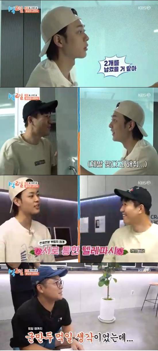김종민은 "나 소름돋았다. 대박이다"라며 접시를 가져와 만두 2개를 보여줬다. 유선호가 만두 1개를 남기면서 두 사람은 한 번에 미션을 통과했다.
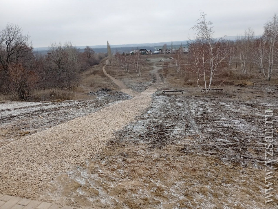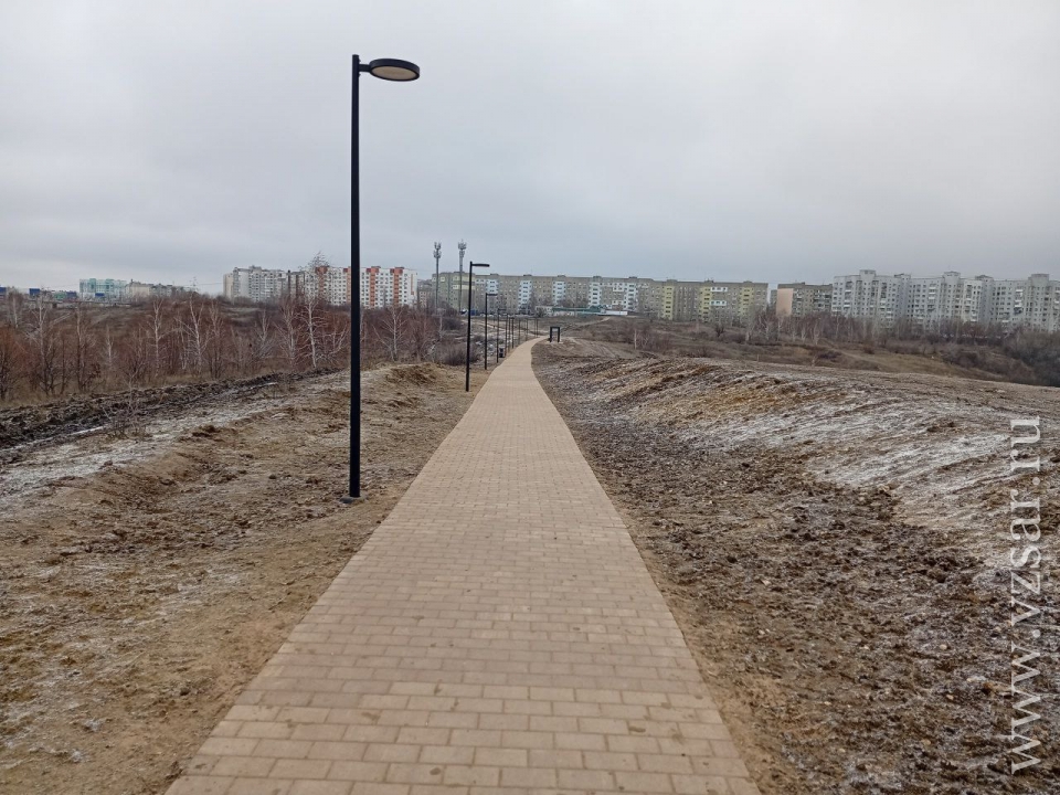 А вот креатив от мэрии Саратова, которую возглавляет Михаил Исаев, выглядит "инородным телом". Во-первых, громко заявленный "новый парк" представляет собой одну-единственную дорожку с фонарями, проложенную до смотровой площадки. Во-вторых, вокруг площадки непролазная грязь с глубокими следами шин, поэтому попасть из благоустроенной гражданами части в новую часть – непросто. Лично видел, как молодые родители тащили коляску по этим буеракам.
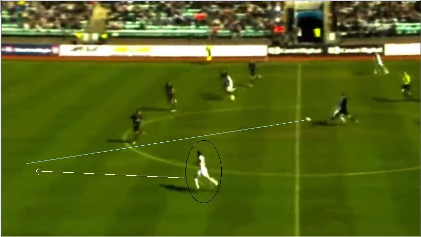 Quite visible in the image is how behind Eikrem (circled) is to the defender, but thanks to the pace he possesses and his gifted body balance, he outpaces him to reach the ball whose direction is shown by the blue line.
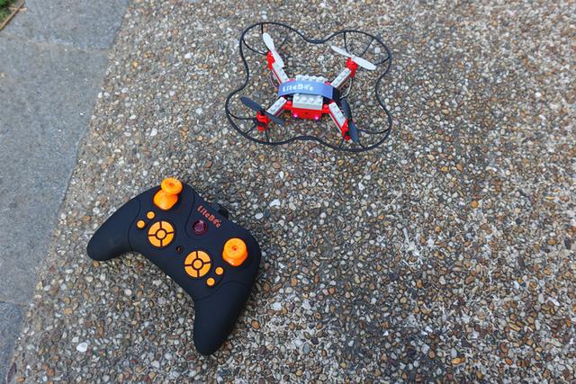 其实对于遥控器的掌控刚开始是需要学习一段时间,因为灵敏度还是比较大。所以首次试飞时就是各种撞击,但完全不用玩普通无人机时炸机的危险,经历过各种撞墙,衰地,撞树,尽然毫发无损。不过两个积木搭的支撑脚确实容易掉,所以每次飞的时候直接卸了,并不会影响飞行。因为机身携带锂电池仅600mAh,所以每次飞行的时间都在十分钟以内,但对于孩子来说已经足够。
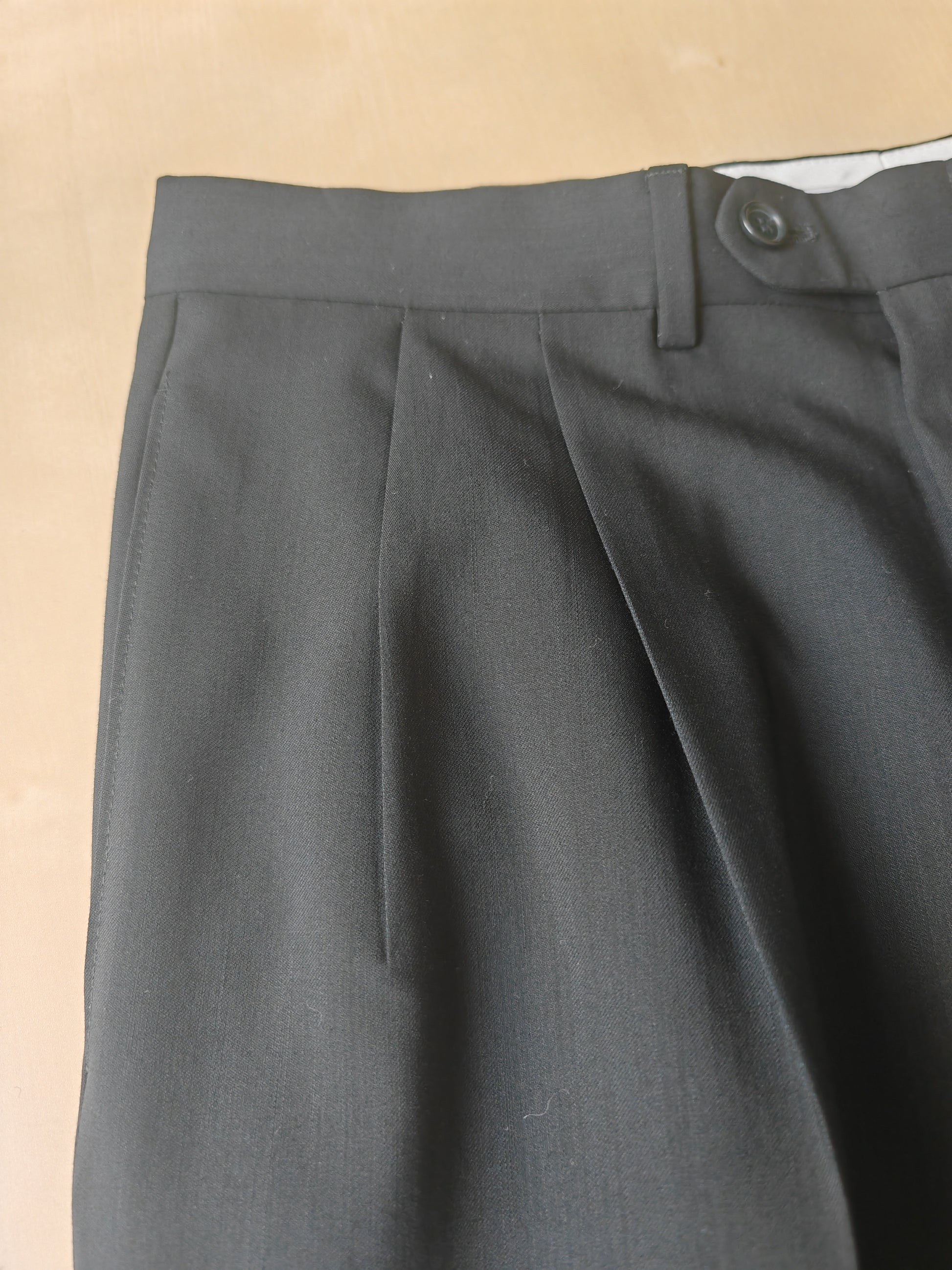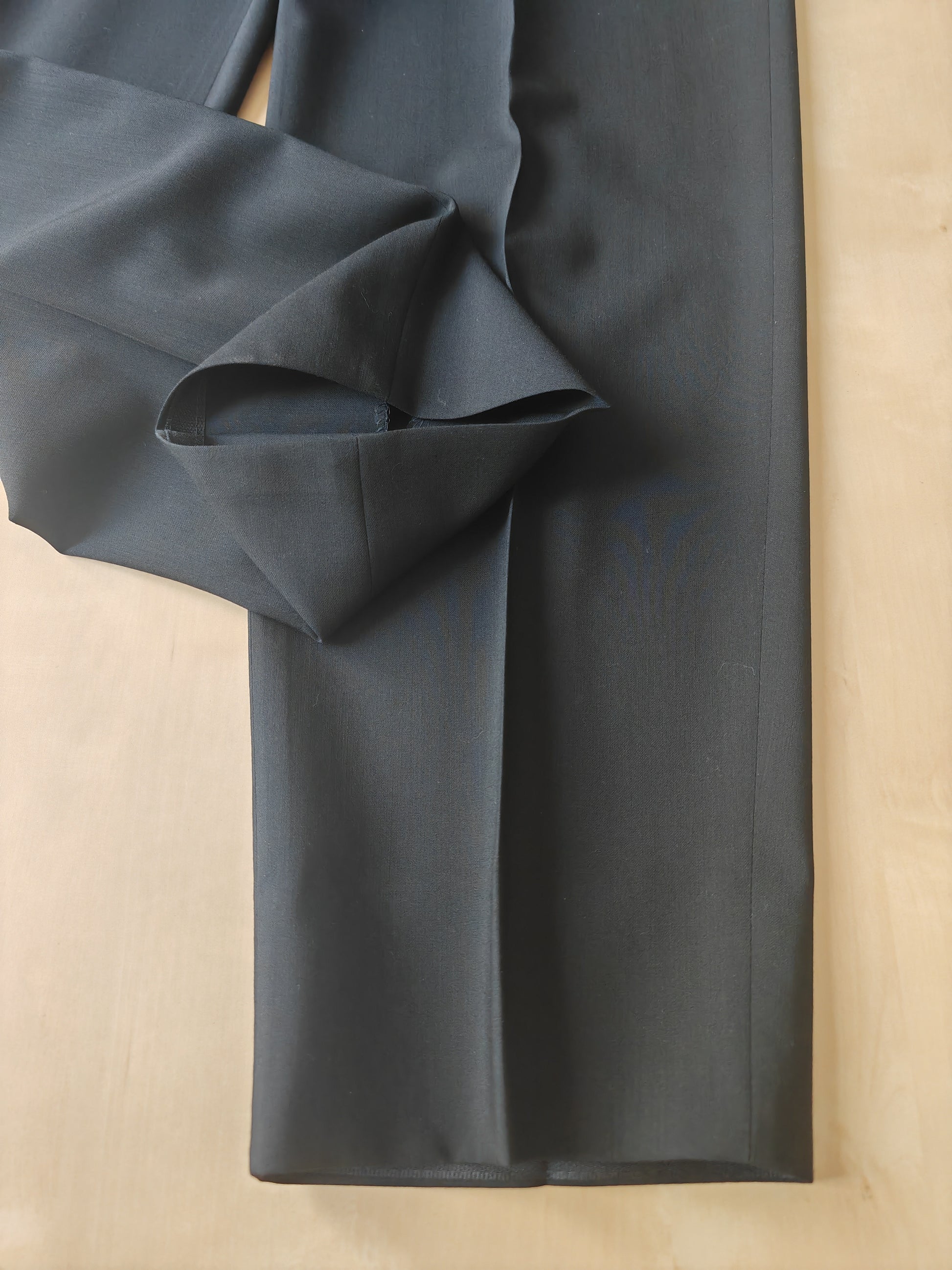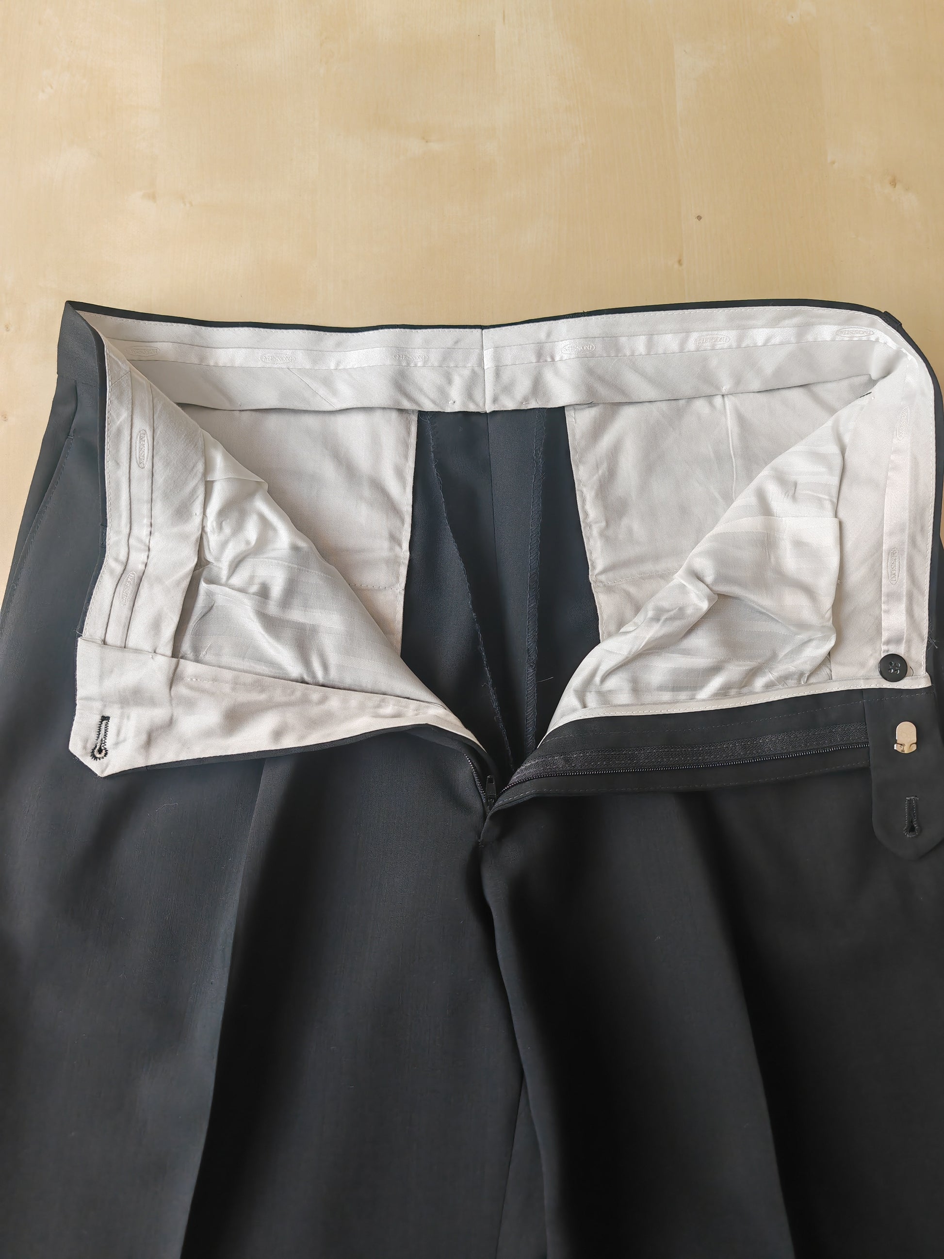 Il pantalone ha un normale taglio classico, senza i galloni laterali in raso, e con in più i passanti per la cintura. È quindi perfetto per essere usato anche spezzato, come un normale pantalone da giorno. Il taglio è comunque piuttosto formale, con tasche a filo, vita alta e doppie pinces.
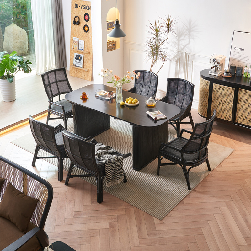 Meja makan kayu Nordic, kayu solid modern minimalis hitam meja panjang dan kursi kombinasi rumah apartemen kecil hotel restoran meja makan
━━━━━━━━━━
◆ Required work: The lines needed are those from the one containing "其实对于遥控器的掌控刚开始是" through the end of the listing, given again word for word and without any picture.

◆ Reply to the exercise:
 其实对于遥控器的掌控刚开始是需要学习一段时间,因为灵敏度还是比较大。所以首次试飞时就是各种撞击,但完全不用玩普通无人机时炸机的危险,经历过各种撞墙,衰地,撞树,尽然毫发无损。不过两个积木搭的支撑脚确实容易掉,所以每次飞的时候直接卸了,并不会影响飞行。因为机身携带锂电池仅600mAh,所以每次飞行的时间都在十分钟以内,但对于孩子来说已经足够。
 Il pantalone ha un normale taglio classico, senza i galloni laterali in raso, e con in più i passanti per la cintura. È quindi perfetto per essere usato anche spezzato, come un normale pantalone da giorno. Il taglio è comunque piuttosto formale, con tasche a filo, vita alta e doppie pinces.
 Meja makan kayu Nordic, kayu solid modern minimalis hitam meja panjang dan kursi kombinasi rumah apartemen kecil hotel restoran meja makan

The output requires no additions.